Ihre Ewige Profess am 12. August 1936 ist für sie ein Tag unaussprechlicher geistlicher Freude. Es war erreicht, was sie als 12-Jährige ihrer Schwester Elisabeth anvertraut hatte: „Jesus ist mein einziger Bräutigam, und kein anderer." Doch Jesus führt seine Braut durch ein Leben des Leids zur Vollkommenheit. Eine schmerzliche Krankheit folgt der anderen: Typhusfieber, doppelte Lungenentzündung, dramatischer Nervenschock, verursacht durch den Schreck, als ein Dieb in der Nacht des 18. Oktober 1940 in ihr Schlafzimmer eindringt. Ein Jahr lang kann sie weder lesen noch schreiben.



Freudig leidend



Eine Tumorerkrankung verwandelt ihr letztes Lebensjahr in eine Daueragonie, mit heftigen Würge- und Brechanfällen infolge der Schleimhautentzündung von Magen und Dünndarm: „Ich spüre, dass der Herr mich zum Opfer des Leidens bestimmt hat. Ich betrachte einen Tag, an dem ich nicht zu leiden habe, als einen verlorenen Tag."
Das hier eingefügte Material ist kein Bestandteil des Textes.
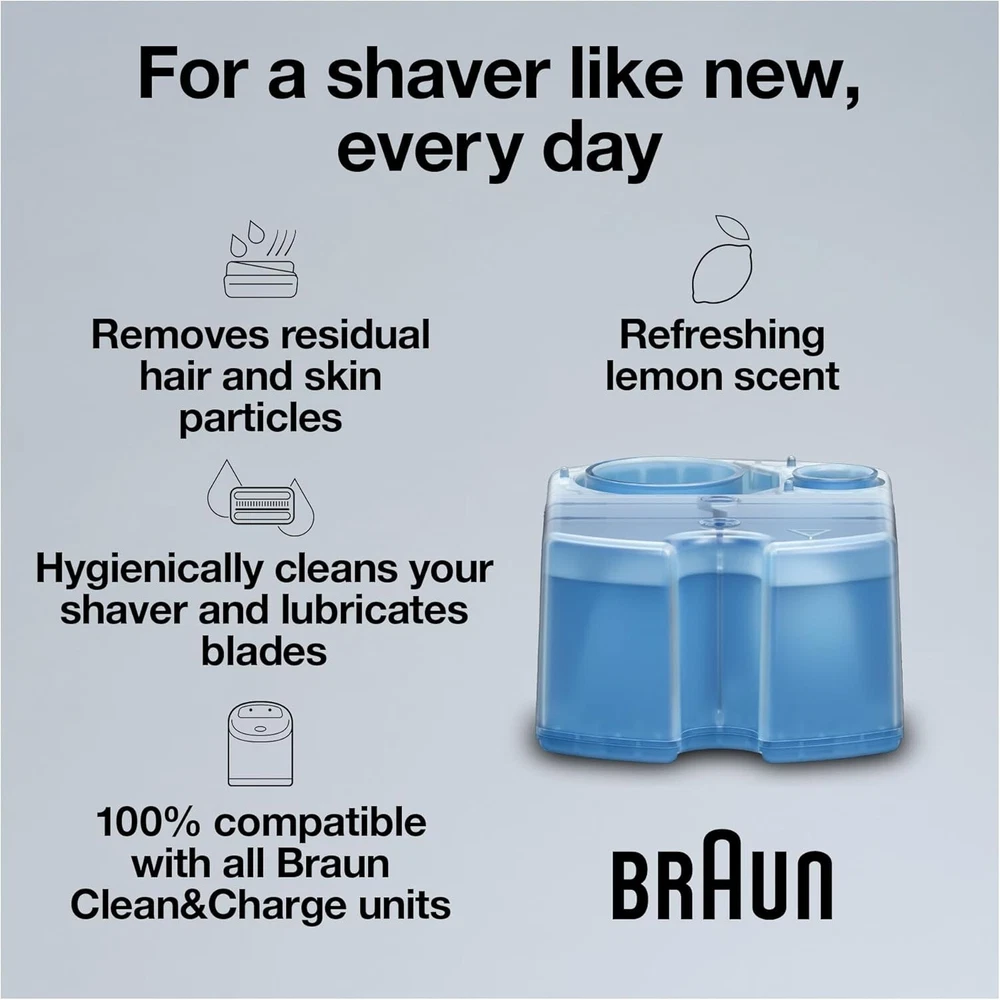 Clean & Renew Refill Cartridges CCR, Replacement Shaver Cleaner Solution for Clean&Charge Cleaning System, Pack of 3 Description: CLEANS 10X MORE EFFECTIVELY THANWATER. The Alcohol-based cleaning solution removes residual hair & skin particles for a hygienically clean shaver LEMON SCENT: Lemon-fresh formula releases a refreshing scent for a fresher shaving experience PERFORMANCE MAXIMIZING: Advanced lubricants to optimize the blade performance REFILL REPLACEMENT: Replace the refill cartridge every 2 months to experience a shaver like new, every day 100% COMPATIBLE: The Braun Clean & Renew Cartridges work with any Braun Smartcare and Clean&Charge centers BLADE LIFETIME PROTECTION: High-efficiency lubricants to maintain & protect your blade

Mit dieser Einstellung, ein Opfer der Liebe für den Herrn zu bringen, bleibt sie bis zum letzten Moment ihres Lebens glücklich. Immer trägt sie ein unschuldiges Lächeln auf ihren Lippen. Ruhig und froh endet ihr 36-jähriges irdisches Leben im Konvent von Bharananganam am 28. Juli 1946 um 12.30 Uhr. Es ist ein Sonntag. Kinder rufen es auf den Straßen: „Eine Heilige ist gestorben. Sie war eine Heilige. Sr. Alphonsa ist heilig." Ein Hindu-Mädchen mit einem Geschwür am Bein legt Kerzen an ihr Grab und ist am nächsten Morgen vollständig geheilt. Heiliggesprochen wurde

Sr. Alphonsa von Papst Benedikt am 12. Oktober 2008.